The management of Bronchitis in Children depends on the severity of the symptoms and whether it is acute or chronic bronchitis. Most cases of acute bronchitis usually resolve by themselves and do not require any medical intervention. Chronic Bronchitis in Children may require some medical management.

Medical management

The following may be used in the medical management of bronchitis:

  • Antibiotics/Antimicrobials: May be useful in the management of chronic bronchitis
  • Cough syrups and expectorants
  • Bronchodilators: Help in the relief of symptoms in chronic bronchitis
  • Systemic corticosteroids: For children with chronic bronchitis who have sudden bouts of increased symptoms
  • Inhaled corticosteroids: In combination with bronchodilators help to provide relief from chronic cough
  • Analgesics and Antipyretics: To help provide relief from fatigue and fever
  • Immunoglobulin replacement: In children with low immunity

Role of diet/ Exercise/ Lifestyle changes/ Preventive measures

Some measures that can be taken to get relief from the symptoms as well as prevent acute attacks include:

  • Keeping away from cigarette smoke
  • Wearing face masks to avoid inhalation of irritants
  • Sanitizing hands and maintaining good hygiene to avoid contracting infections
  • Pulmonary rehabilitation: Is useful in individuals who have a reduced lung function


Acute bronchitis is usually self-limiting and there are no major complications associated with it. Chronic bronchitis can impact the quality of life due to the reduced lung function that may ensue. Some complications that can occur may include:

  • Bronchiectasis
  • Bronchopneumonia
  • Acute Respiratory Failure


The prognosis for Chest cold is generally good, especially in otherwise healthy children. The prognosis for chronic Bronchitis in Children with other comorbid conditions is generally associated with a poor quality of life.

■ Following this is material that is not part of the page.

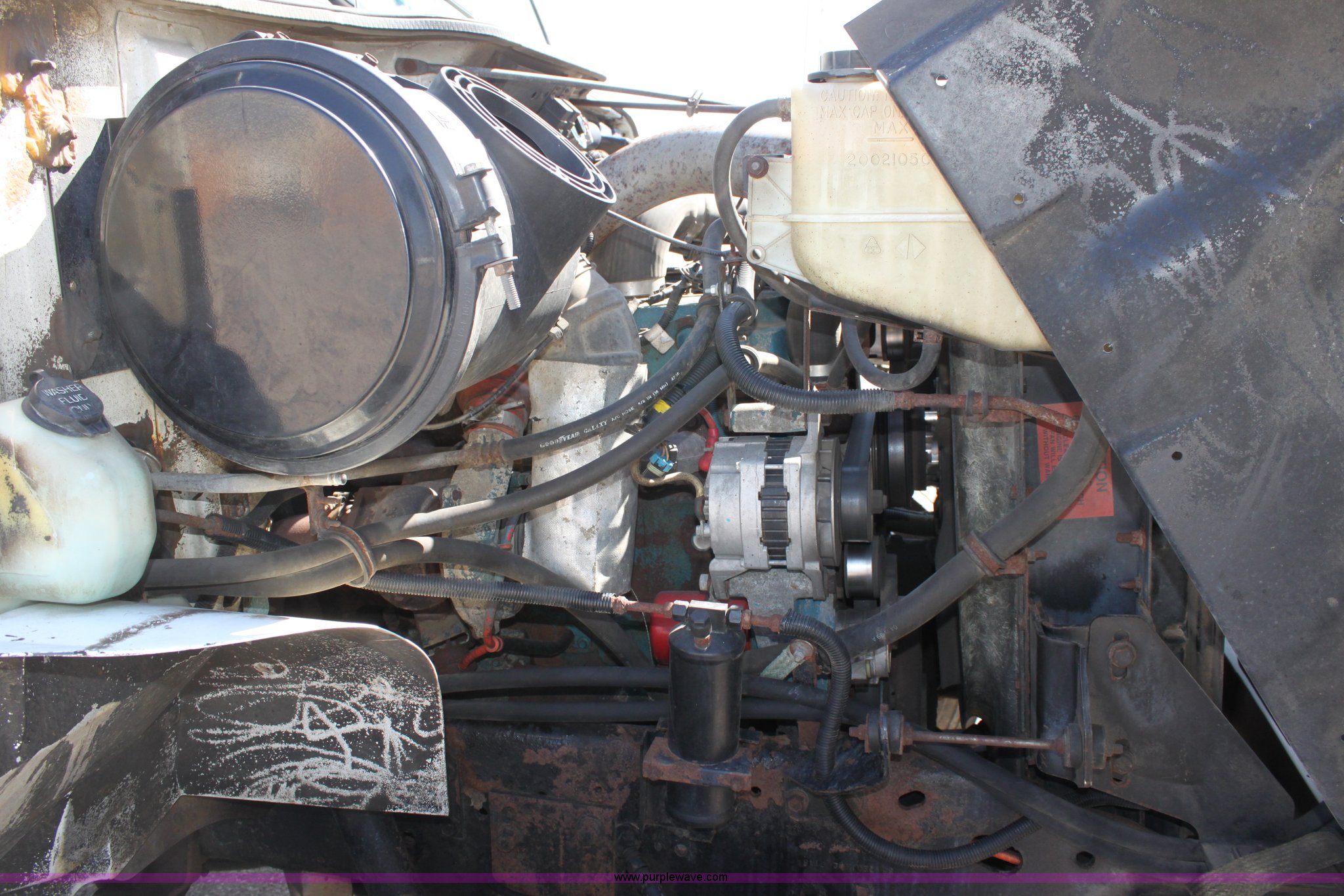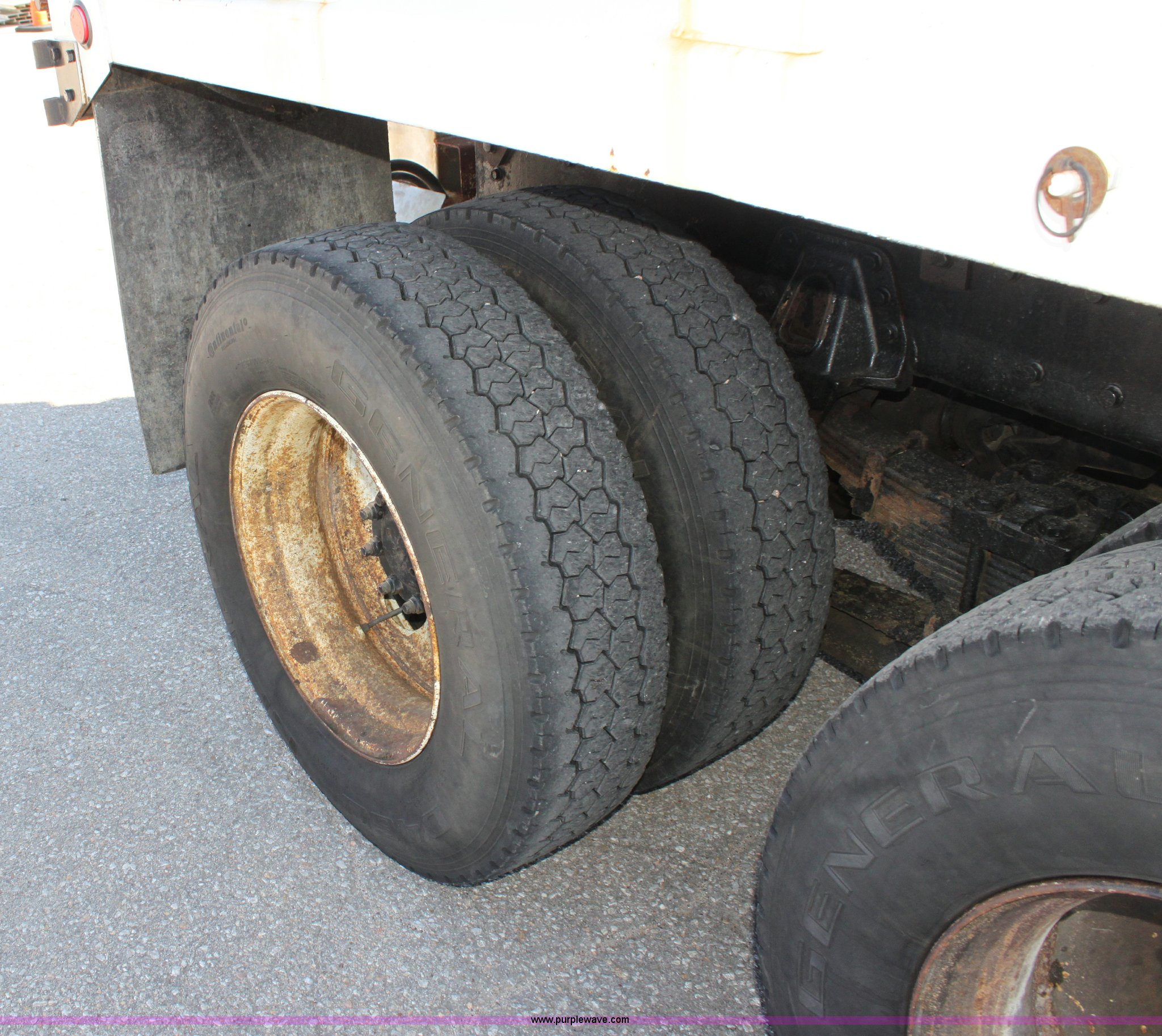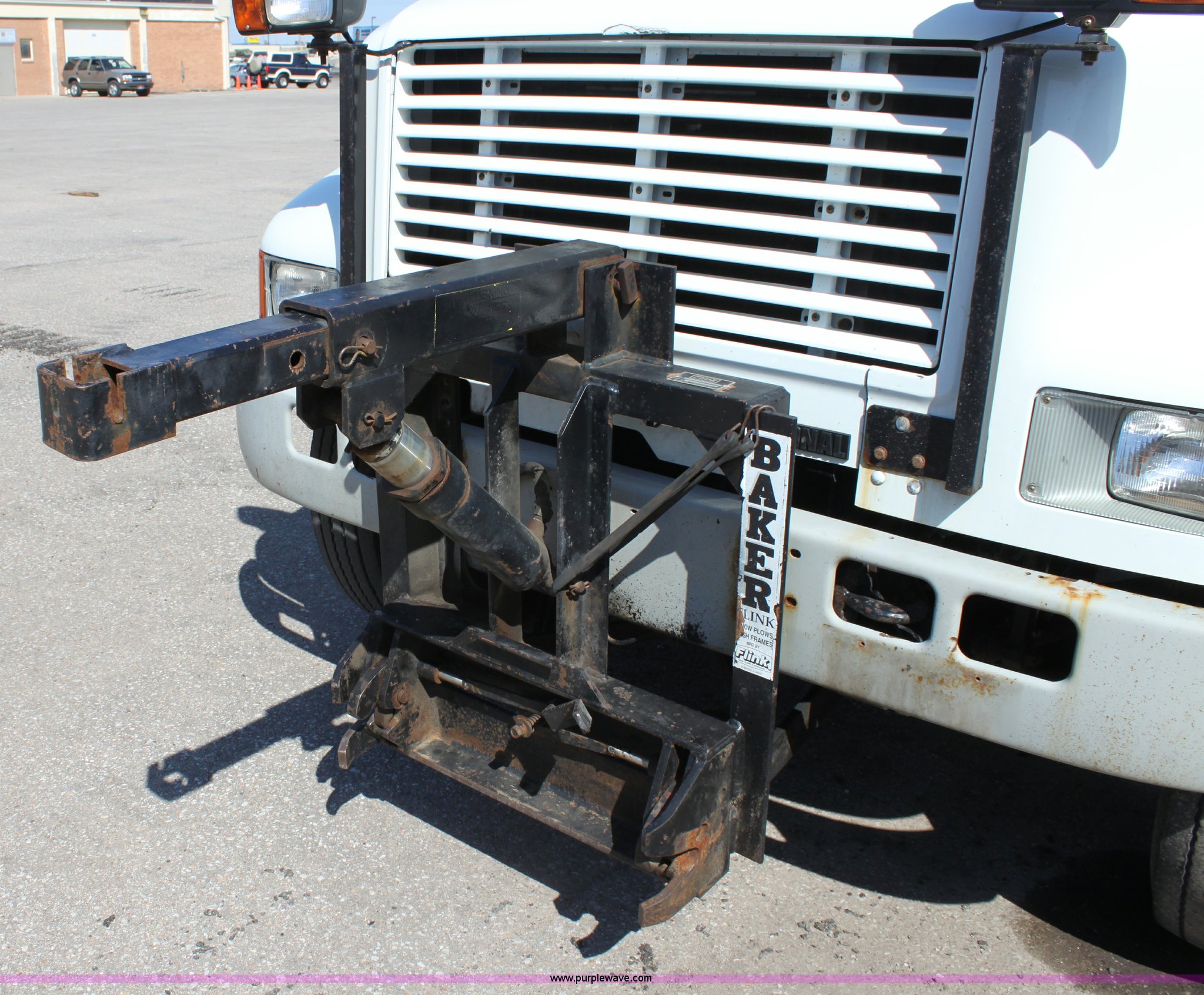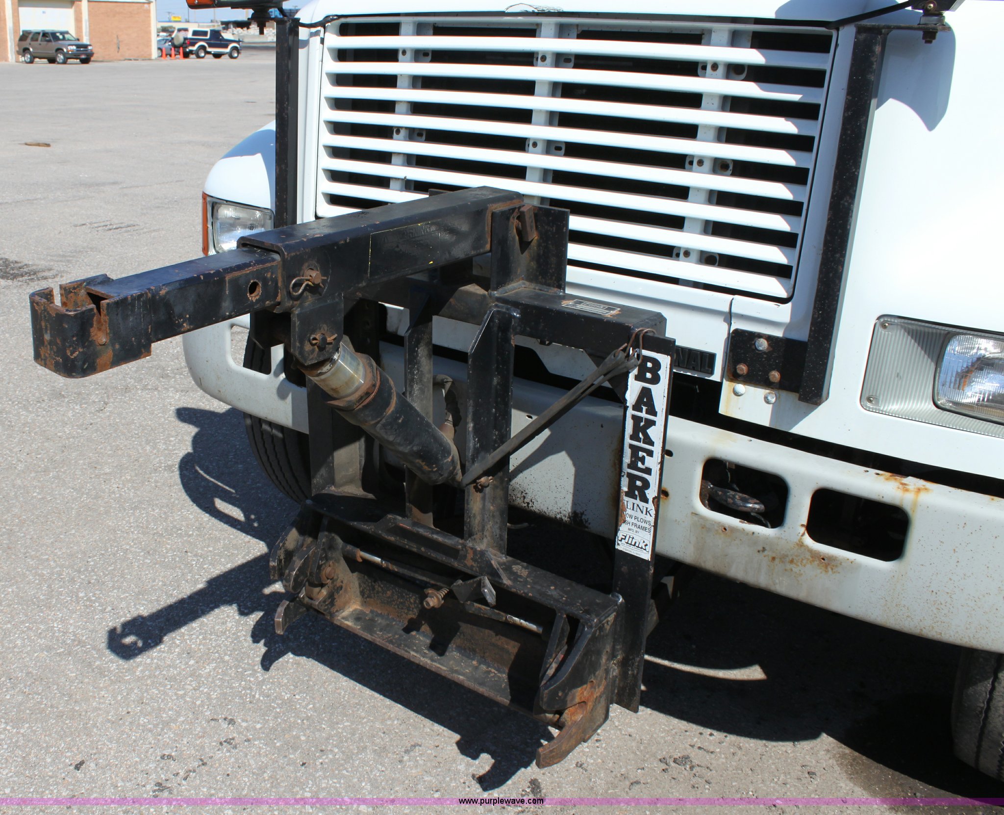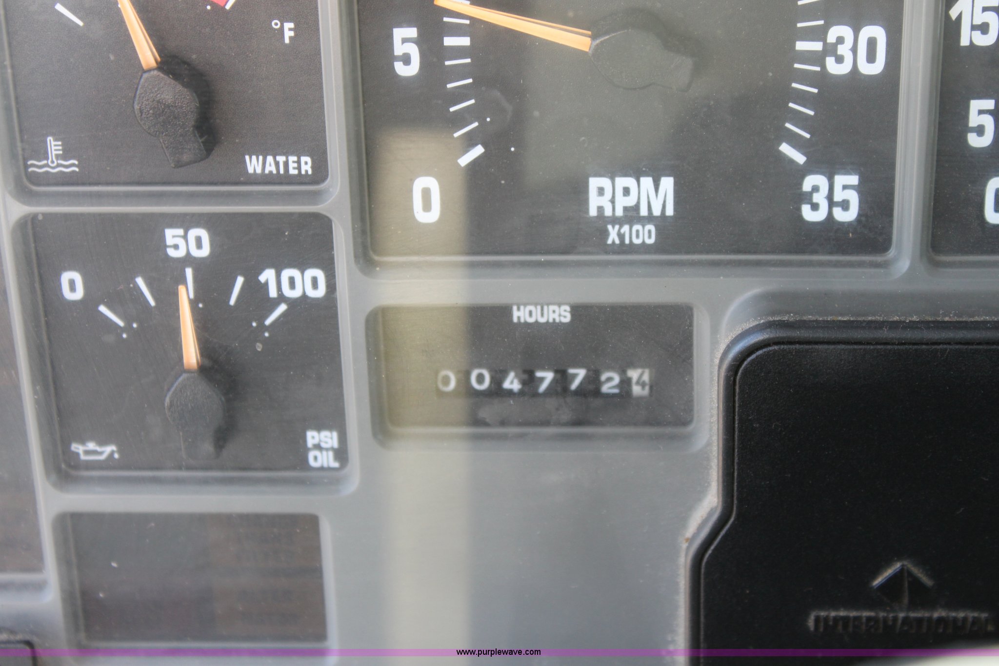 Purple Wave is selling a used Construction Dump Truck in Kansas. This item is a 2000 International F4900 tandem axle dump truck with the following: 81,490 miles on odometer, 4,772 hours on meter, Navistar DT530 8.7L diesel engine, Allison automatic transmission, AC and heat, AM/FM/Cassette, Heated mirrors, Cruise, Power windows, Suspension seat, Chelsea PTO, Locking power divider, Prodigy brake controller, Force spreader controls, In-cab plow controls, Air operated end gate, Flink stainless steel spreader, Air brakes, Rear hydraulic remotes, Pintle hitch, Trailer wiring, 295/75R22.5 tires, Motorola radio not included, Equip# 2046

When to contact the doctor or hospital? / How to identify the emergency or complications?

It is advisable to seek medical attention if the cough persists for more than 3 weeks and is accompanied by discoloured sputum or blood, high fever, and severe breathlessness.

Indications for hospitalization if required

Hospitalization is not required for this chest cold, but a severe increase in symptoms may warrant hospital admission for oxygenation and hydration.

Suggested clinical specialist/ Department to consult for this condition

It will be treated by specialists from the department of pediatric pulmonology.